As a prominent media and publishing company, content dissemination is an integral part of Farm Journal. It uses a central content repository called Centralised Content Management System (CCMS), powered by Drupal, to push content changes across its different websites.

But the increasing amount of content to be governed proved to be challenging eventually. The slow performance of CCMS and inefficacy towards meeting the growing demands ultimately paved the way for rethinking. OpenSense Labs helped revamp the CCMS using Drupal’s improved features and functionalities thereby streamlining content management. With the new and improved CCMS, content editors no longer have to log in to each and every site for adding and managing content.
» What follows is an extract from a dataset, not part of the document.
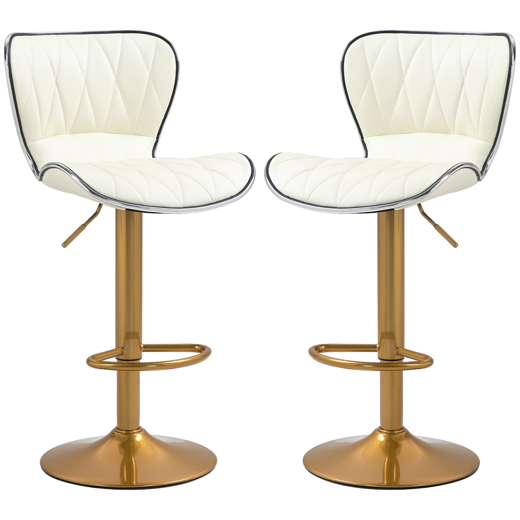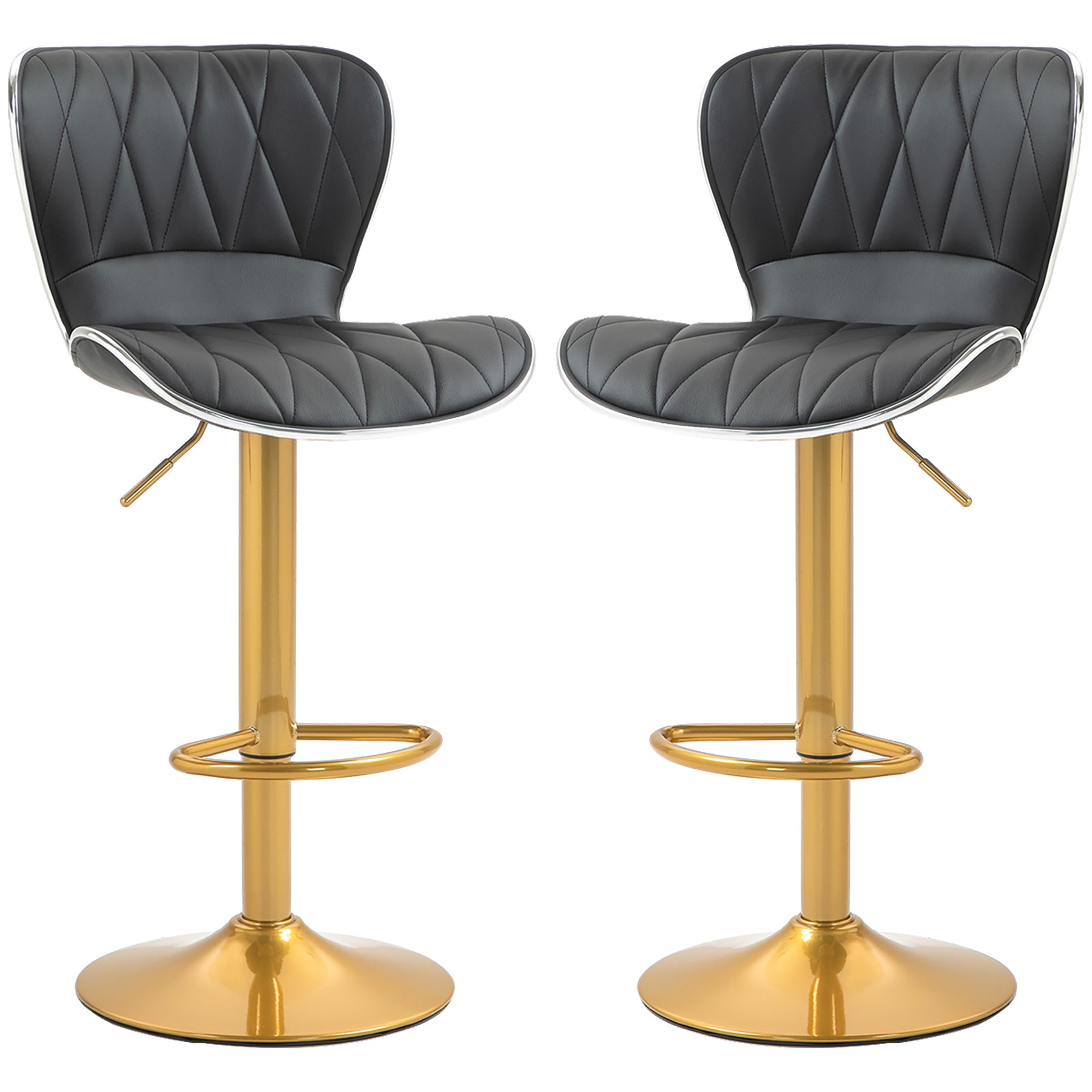 Elevate your kitchen island or bar area with the HOMCOM 2-pieces counter height bar stools, blending luxurious design and functionality. These island stools feature a swanky gold base and diamond tufting that ooze sophistication. Swivel bar stool with a curved seat, back, and footrest provides unrivaled comfort, all wrapped in sleek PU leather upholstery. Upgrade your seating with the stylish counter chair set and enjoy a touch of elegance.

  • Develop a content syndication and dissemination system which will act as a central content repository to manage content for various websites.
  • Publish the same content on multiple websites
  • Easy setup of new websites with previously generated content
  • Enhance the admin experience of all the websites by providing tracking logs



  • Tech stack: Node.js, React, MongoDB, DAM integrations, Express.js, Redis
  • Developing a microservices-based system for improved scalability and high performance
  • Cross-publishing articles on the network of FarmJournal sites
  • Enhancing the centralised editorial reporting dashboard
  • Real-time syndication of articles



  • An increase in consumer sites, update count and pull request don’t inversely affect the load on revamped Drupal-powered CCMS. A special fail handler was developed for the sanity check between CCMS, MongoDB and consumer sites. This helped in making sure that there was no duplicity and assisted in maintaining an error log for missing articles by reporting the precise failure points.
  • The overall content journey, once the editor hits save, to reach consumer site was at max 3-5 seconds.
  • The architectural layout was designed in such a way that the Express app worked independently of the other systems. The real-time syndication made sure that the articles were published for the categories for which the respective websites were subscribed to.
  • CCMS 2.0’s architecture is inherently scalable. As the number of sites connected to it increases and the corresponding number of authors increases, the CCMS 2.0 platform can be easily scaled to accommodate them.
  • Also, the architecture is modular in nature. This will allow changing certain aspects for the MongoDB database with other available options without disrupting the business logic.